We explicitly encouraged innovative contributions in line with the principles of the hosting journal, Human Arenas, and its editor’s critical stance and commitment to change pushing the normative boundaries and conventional research approaches (Tateo & Marsico, 2022). We are pleased to present papers addressing various contexts, where individualization manifests through a variety of ways penetrating everyday life: through advertising and globalization, finding a home and housing, work-life and life-course under the incorporation of neoliberal ideology, and leisure when attending soccer games.

Roy and Putatunda (2022) discuss individualization as being far from a “Western project”—it is globalized jointly with capitalism: e.g., in India where it is observed that in advertising, traditional lifestyles merge smoothly with individualist consumerism, instrumentally using social debate (on gender equality and feminism) to further capitalist goals.

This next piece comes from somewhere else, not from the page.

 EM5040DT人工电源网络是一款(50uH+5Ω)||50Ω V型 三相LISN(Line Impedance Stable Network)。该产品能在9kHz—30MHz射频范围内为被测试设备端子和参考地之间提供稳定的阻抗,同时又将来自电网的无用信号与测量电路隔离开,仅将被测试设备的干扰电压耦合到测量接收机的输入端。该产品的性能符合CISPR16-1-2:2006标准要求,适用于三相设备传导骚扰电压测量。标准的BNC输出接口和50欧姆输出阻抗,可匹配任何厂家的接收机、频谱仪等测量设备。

Reichertz (2022) addresses individualization and singularity as a phenomenon one has and wants to escape from. Following his argument, this escape forms through the collective bond found in soccer fan behavior. However, far from being innocent, this is an escape from individualization that has totalitarian potential, with a willingness to submerge oneself into violent action, a process whereby identification with one’s group members, one’s clan, can lead to violent clashes with “the Other.”

Tommasi and Degen (2022) analyze individualization in career trajectories and decision-making, manifesting as incorporated neoliberal ideology remaining in subjects even when opting out from corporate careers and pursuing alternative life and work styles and “keeping a foot in the door.”

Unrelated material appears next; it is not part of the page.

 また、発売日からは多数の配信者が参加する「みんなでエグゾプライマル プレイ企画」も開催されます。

Wolf (2022) presents an analysis of subjects in the process of finding a home, where unsocial competitive market conditions of life are negotiated within the self and the solution of finding an affordable home is interpreted as an act of performance, where the disadvantaged subject has to try as hard as one can to overcome the conditions of the market.

The articles included in the special section contribute to exploring the constitution of the social self by detailed analysis scrutinizing the tension between subject, agency, and restrictive contexts including respective principles, logic, and mechanisms. Such narrow confrontation sheds light on how subjective strategies are developed to meet the conditions in everyday life under an ever-expanding neoliberal capitalist logic. The contributions focus on varying themes (leisure, work, media, existential needs) showing how interwoven all spheres of life are with a neoliberal-capitalist logic, how relentless such contextualization manifests within the subjects, and how subjects most often react by incorporating such conditions, finding agency and dignity solely in their individual behavior and strategies. Understanding such micro-processes alongside concrete examples may finally lead to—in a critical psychological understanding of the potential for change through enlightenment—broadening the general subjects’ scope. In line with Gergen, we trust that a scholarly reconstruction of the self and its context will contribute to shaping a future by developing reflected, conceptual practices, which may “bring the alienated into forms of mutual coordination” (Gergen, 2006, p. 123).